Assignment -
Below are records with pictures; copy word for word only the lines between the line with "70SW-32906 Подушка с" and the line with "为深化产教融合,推动专业建设", inclusive, and drop the pictures.

Material provided -
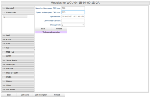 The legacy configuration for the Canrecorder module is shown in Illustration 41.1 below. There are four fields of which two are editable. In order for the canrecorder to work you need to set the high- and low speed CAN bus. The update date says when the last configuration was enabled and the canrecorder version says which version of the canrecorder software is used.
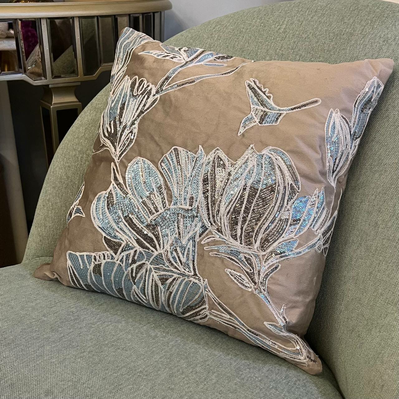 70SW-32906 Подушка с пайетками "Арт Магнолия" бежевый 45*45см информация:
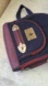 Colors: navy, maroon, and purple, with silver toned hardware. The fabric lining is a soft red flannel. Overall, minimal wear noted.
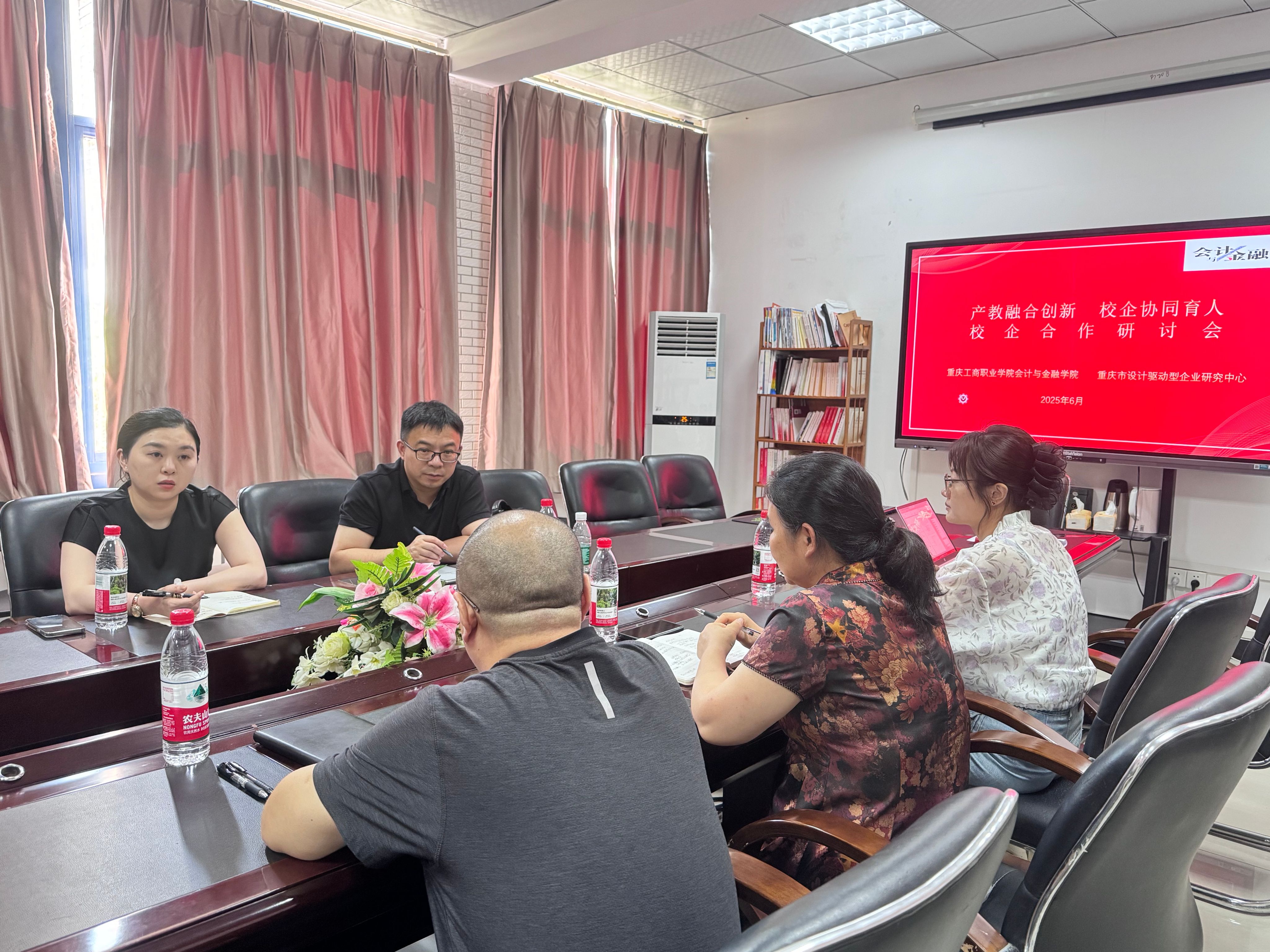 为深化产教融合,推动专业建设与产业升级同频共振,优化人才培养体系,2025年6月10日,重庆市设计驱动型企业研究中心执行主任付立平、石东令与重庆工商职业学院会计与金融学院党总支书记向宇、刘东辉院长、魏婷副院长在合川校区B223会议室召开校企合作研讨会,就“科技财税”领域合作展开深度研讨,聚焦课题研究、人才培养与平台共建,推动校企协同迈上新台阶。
==
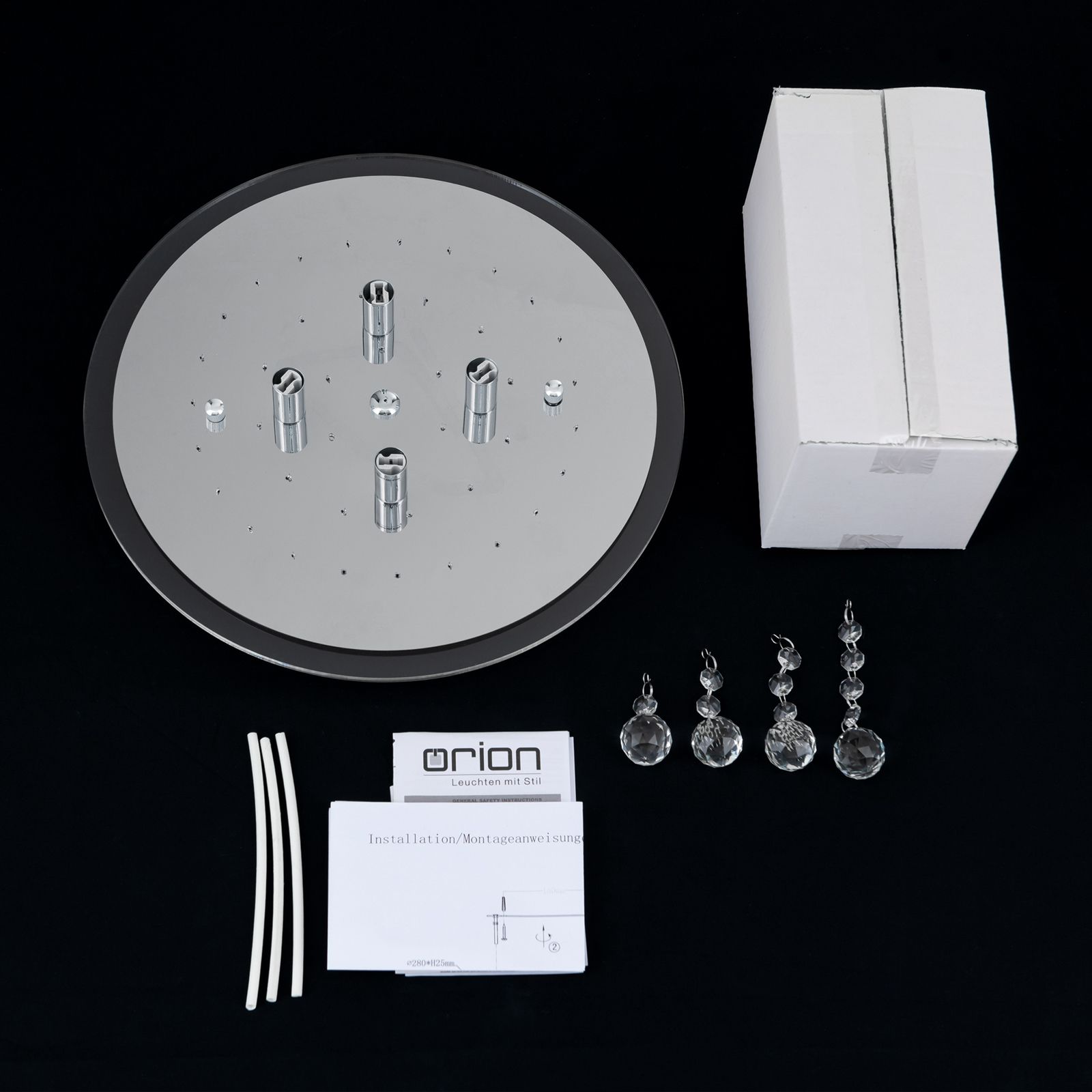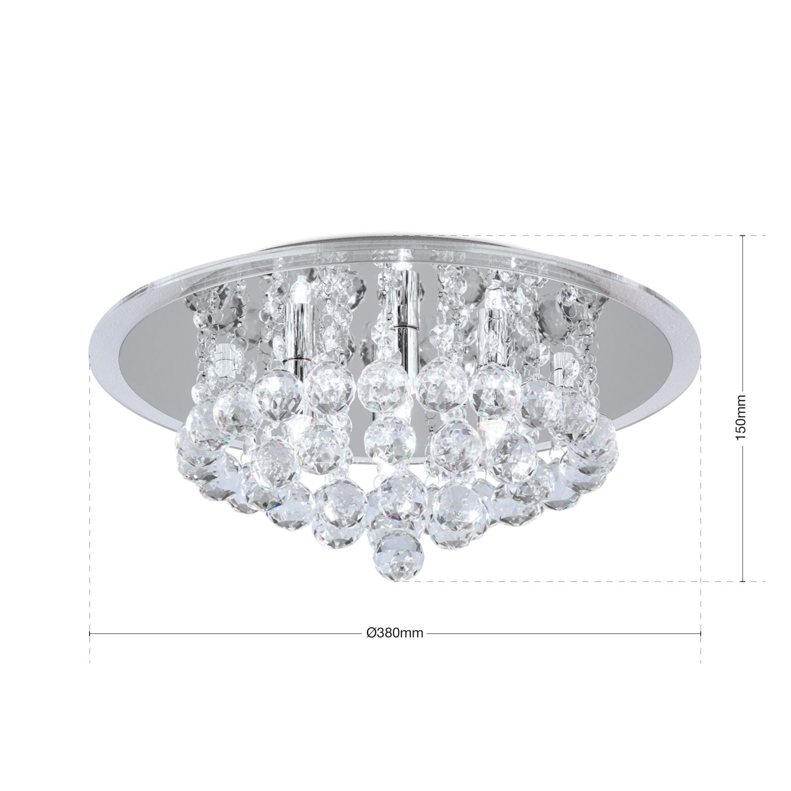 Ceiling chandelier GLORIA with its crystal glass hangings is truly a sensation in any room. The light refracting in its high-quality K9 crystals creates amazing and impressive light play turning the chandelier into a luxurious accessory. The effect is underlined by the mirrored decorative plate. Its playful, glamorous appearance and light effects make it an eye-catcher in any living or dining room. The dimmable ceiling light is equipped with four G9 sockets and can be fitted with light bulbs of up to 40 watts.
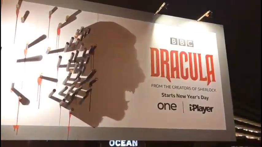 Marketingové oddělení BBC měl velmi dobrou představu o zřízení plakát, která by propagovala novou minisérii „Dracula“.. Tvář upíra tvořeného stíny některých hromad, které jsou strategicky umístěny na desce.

Problem solution -
 70SW-32906 Подушка с пайетками "Арт Магнолия" бежевый 45*45см информация:
 Colors: navy, maroon, and purple, with silver toned hardware. The fabric lining is a soft red flannel. Overall, minimal wear noted.
 为深化产教融合,推动专业建设与产业升级同频共振,优化人才培养体系,2025年6月10日,重庆市设计驱动型企业研究中心执行主任付立平、石东令与重庆工商职业学院会计与金融学院党总支书记向宇、刘东辉院长、魏婷副院长在合川校区B223会议室召开校企合作研讨会,就“科技财税”领域合作展开深度研讨,聚焦课题研究、人才培养与平台共建,推动校企协同迈上新台阶。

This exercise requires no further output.